- **EXERCISE GOAL**
Everything in the records except the pictures needs to be printed again exactly.

___ PROVIDED INFORMATION

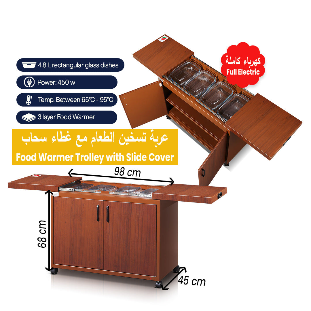 COOLBABY 3-Layer Food Warmer Trolley with Slide Cover - 4.8L Rectangular Glass Dishes - COOLBABY
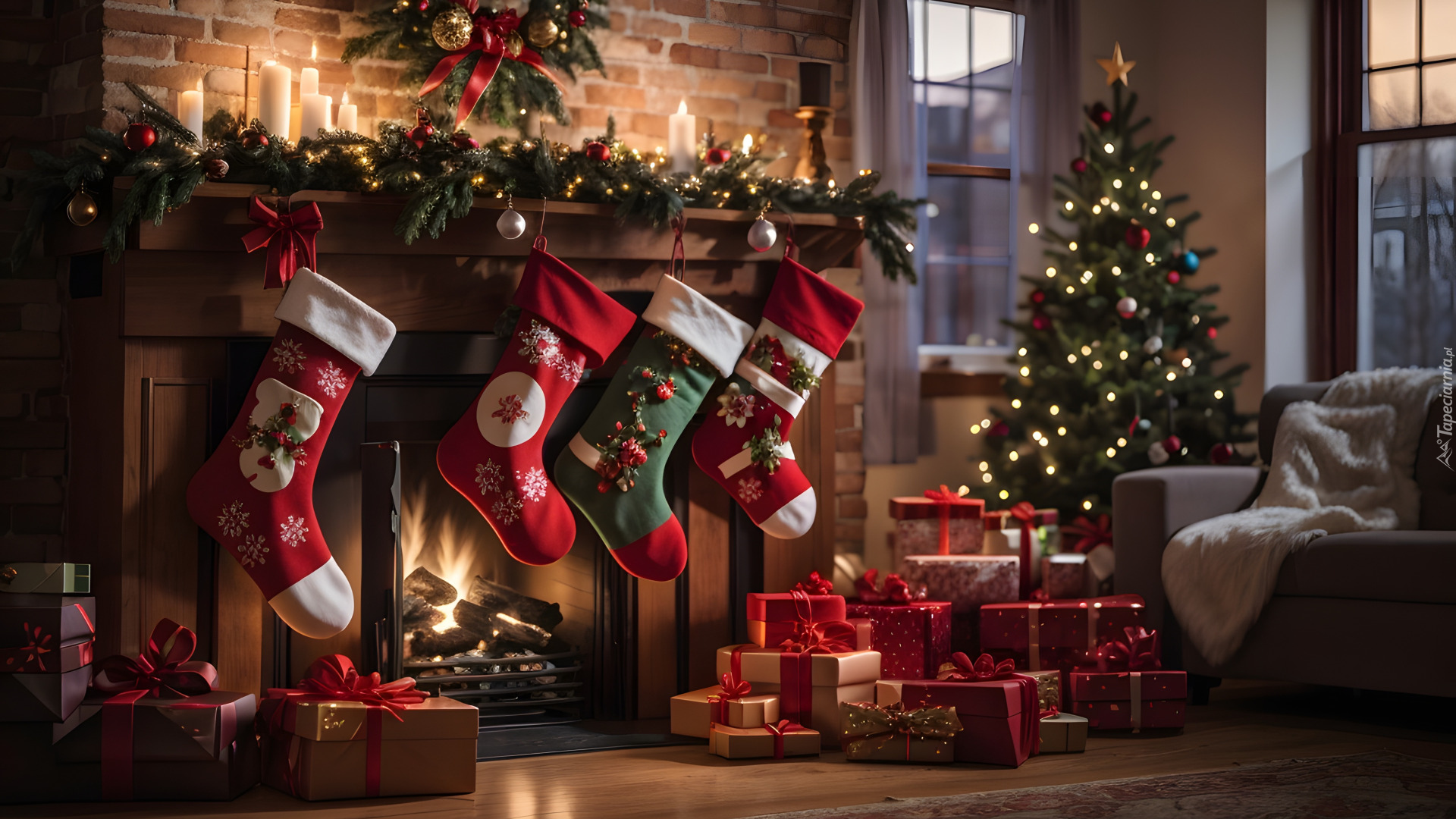 Edytor tapety: Skarpety świąteczne z prezentami na kominku
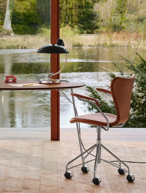 Fritz Hansen 3217 Serie 7™ er en brugevenlig kontorstol, der har hjul, armlæn og er justerbar i højden, så du let kan tilpasse stolen efter dit behov. Med denne designerkontorstol får du en ergonomisk kontorstol, der forener komfort, holdbarhed og æstetik.
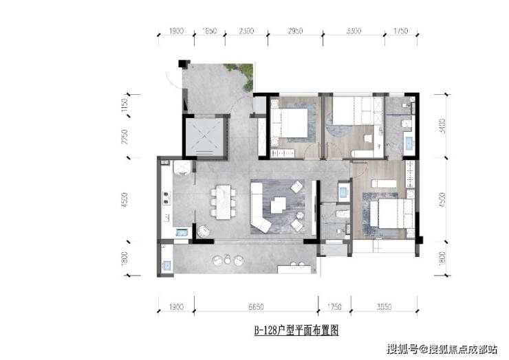 户型方正,空间布局合理,动静分区明确。客厅与餐厅相连,形成宽敞的活动空间,外接观景阳台,可欣赏到公园或小区内部景观。三间卧室分布合理,保证了家庭成员的私密性,主卧带有独立卫生间,方便使用。
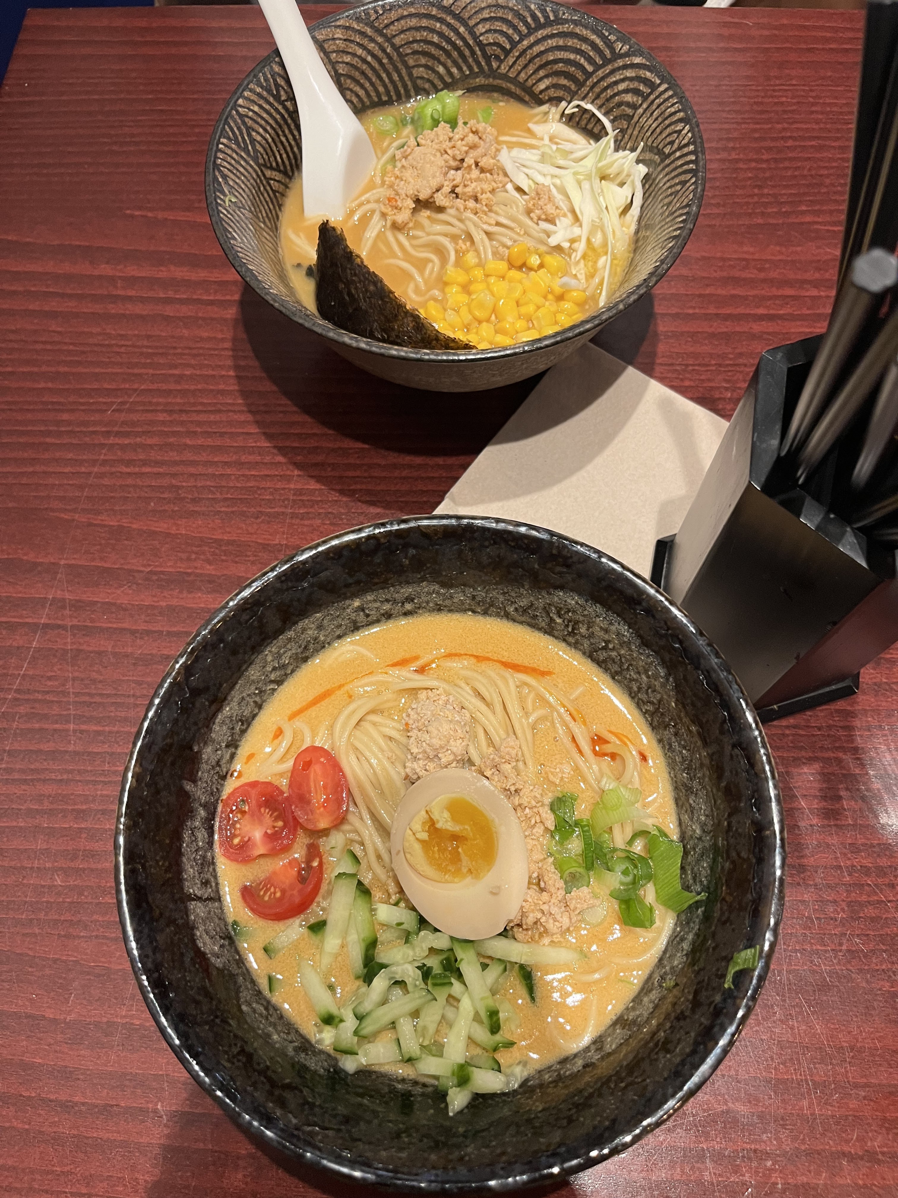 Moi qui voulais manger des ramens depuis longtemps, je suis comblé. Même si le couteau et la fourchette se ressemble tellement que j'ai pas pû les différencier 🤣 Mais on a très bien mangé et rien que la présentation donne envie
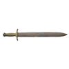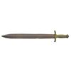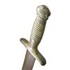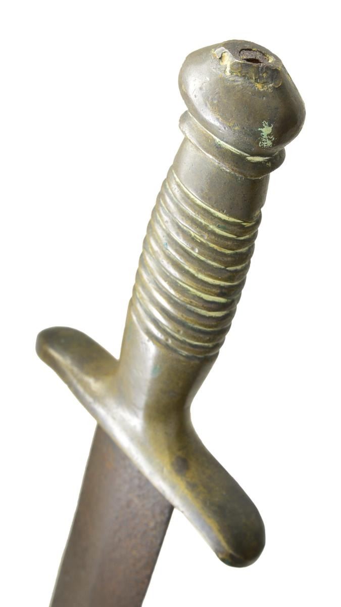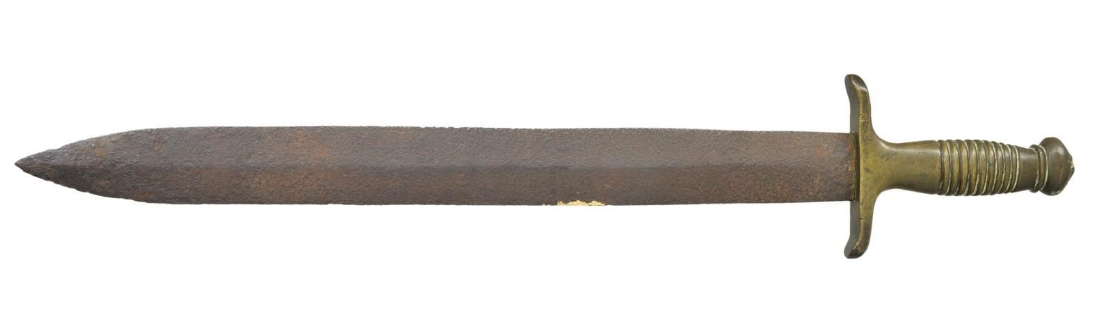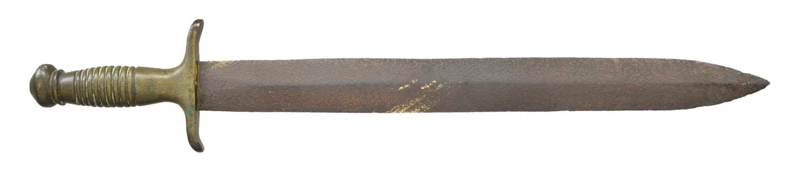 SWORD. 25.25", 19 3/4" double edged blade with raised medial ridge that narrows sharply at hilt . The sculpted sand cast grip is distinct with 10 ridges & turned down 4” cross guard. The late R. E. “Sonny” Neville respected dealer/collector attributed this scarce pattern to Mobile, Alabama and there is captured example from Ft. Morgan. Some are known stamped with large “CS”. At the beginning of the Civil War, the South had few armories and few factories capable of producing arms. Several small arms manufacturers began operations across the vast Southern landscape. This sword is a product of one of those small Southern arms manufacturers that sprang up to fill the needs of the Confederacy. The finest example of this sword was sold on theses floors as lot 1060B, March 14, 2010. CONDITION: good overall, heavy iron patina and pitting to blade. Brass smooth chocolate brown. (02-19079/JS). $2,000-2,500.

______

- **OUTPUT FOR THIS TASK**
 COOLBABY 3-Layer Food Warmer Trolley with Slide Cover - 4.8L Rectangular Glass Dishes - COOLBABY
 Edytor tapety: Skarpety świąteczne z prezentami na kominku
 Fritz Hansen 3217 Serie 7™ er en brugevenlig kontorstol, der har hjul, armlæn og er justerbar i højden, så du let kan tilpasse stolen efter dit behov. Med denne designerkontorstol får du en ergonomisk kontorstol, der forener komfort, holdbarhed og æstetik.
 户型方正,空间布局合理,动静分区明确。客厅与餐厅相连,形成宽敞的活动空间,外接观景阳台,可欣赏到公园或小区内部景观。三间卧室分布合理,保证了家庭成员的私密性,主卧带有独立卫生间,方便使用。
 Moi qui voulais manger des ramens depuis longtemps, je suis comblé. Même si le couteau et la fourchette se ressemble tellement que j'ai pas pû les différencier 🤣 Mais on a très bien mangé et rien que la présentation donne envie
 SWORD. 25.25", 19 3/4" double edged blade with raised medial ridge that narrows sharply at hilt . The sculpted sand cast grip is distinct with 10 ridges & turned down 4” cross guard. The late R. E. “Sonny” Neville respected dealer/collector attributed this scarce pattern to Mobile, Alabama and there is captured example from Ft. Morgan. Some are known stamped with large “CS”. At the beginning of the Civil War, the South had few armories and few factories capable of producing arms. Several small arms manufacturers began operations across the vast Southern landscape. This sword is a product of one of those small Southern arms manufacturers that sprang up to fill the needs of the Confederacy. The finest example of this sword was sold on theses floors as lot 1060B, March 14, 2010. CONDITION: good overall, heavy iron patina and pitting to blade. Brass smooth chocolate brown. (02-19079/JS). $2,000-2,500.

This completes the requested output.